17 de janeiro de 2014

Her - Ela



Pari passu nos direcionamos para um completo individualismo social. Gadgets que nos aproximam e afastam ao mesmo tempo e blá, blá, blá... O fato é que, mesmo odiado por alguns, a comunicação virtual está cada vez mais latente em nossa sociedade. Tornou-se comum, sem julgamento de causa apenas uma constatação, casais em bares, restaurantes, de cabeça baixa, digitando ferozmente no seu brinquedinho. Ali, dentro daquela caixinha eletrônica, se encontram seus melhores amigos, parte de sua família e não muito raramente algum papo mais interessante ou engraçado do que aquele empreendido "ao vivo". E se esse (a) amigo (a) virtual não te satisfizesse mais? E se o seu papo se tornasse tão boooring quanto o papo à vera? E se criassem um sistema operacional que se adequasse à sua necessidade? Que trouxesse para você, o tipo de coisa que você precisa ouvir? Seria o máximo, ou não. Vai saber. E é justamente sobre isso que o filme "Her" fala.Um sistema operacional (com a voz da Scarlet Johansson) comprado por um Joaquin Phoenix quase irreconhecível, melancólico e solitário que se torna a sua melhor companhia.Quem nunca se pegou, sonhando em conhecer aquela pessoa pela qual se apaixonou pela internet. Sonhando com um toque, um abraço que fosse?
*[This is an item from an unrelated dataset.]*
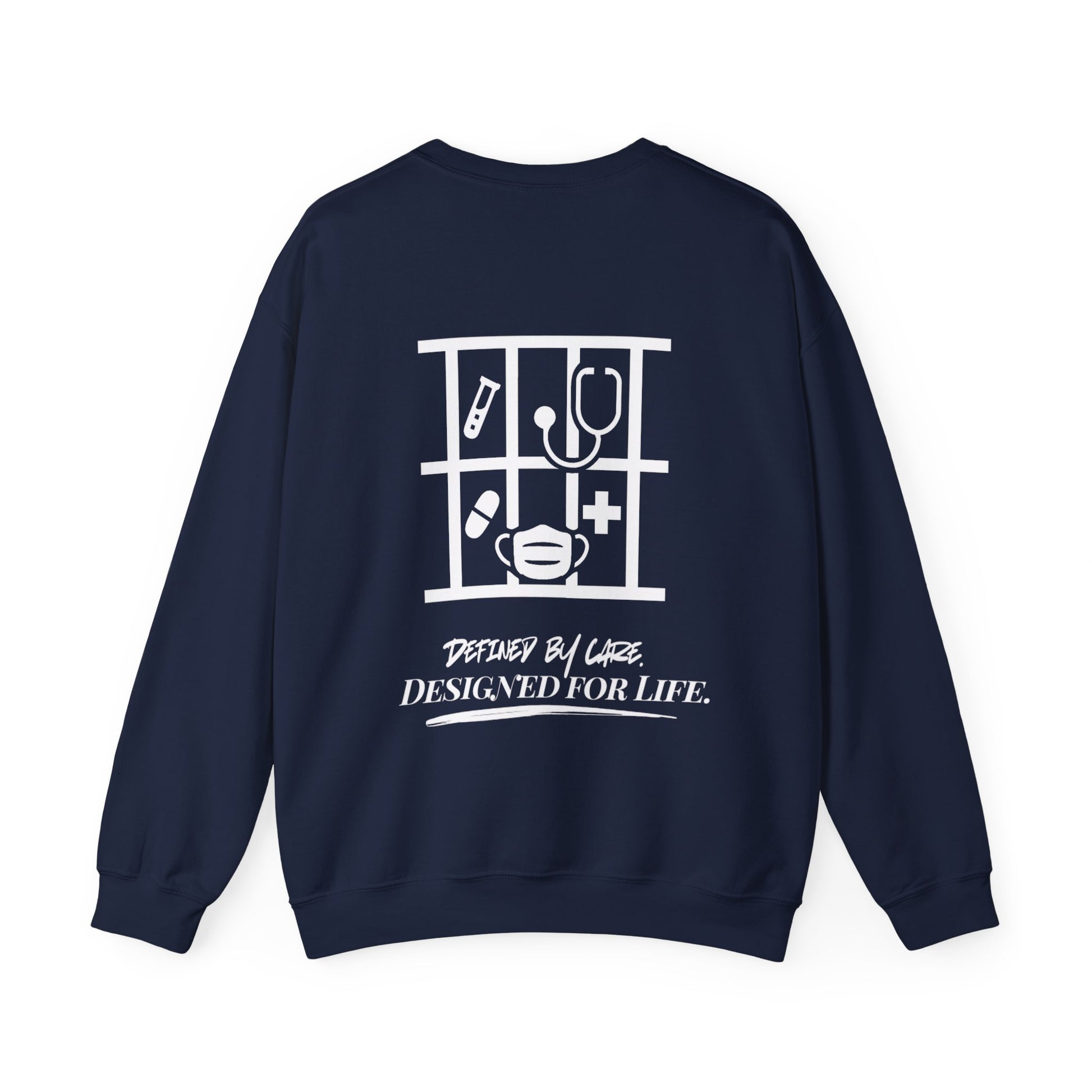 The Jail Bars Unisex Sweater features a logo outline filled with medical icons representing the balance of security and care. Each piece in the collection carries the mark of our slogan, "Defined by Care. Designed for Life." -blending timeless style with the heart of healthcare. Correctional Nurses, Mental Health Techs, Forensic Clinicians, and every healthcare pro working behind the walls to deliver care with dignity.

O Filme de Spike Jonze retrata de maneira sublime este sentimento. 
É o seu conto de amor.
O diretor já havia me ganhado pelo filme Where the Wild Things Are. Agora ele traz essa história bucólica e impensável de amor. Recomendo, mas já aviso: é um filme carregado de tristeza, apesar de te fazer rir em alguns trechos.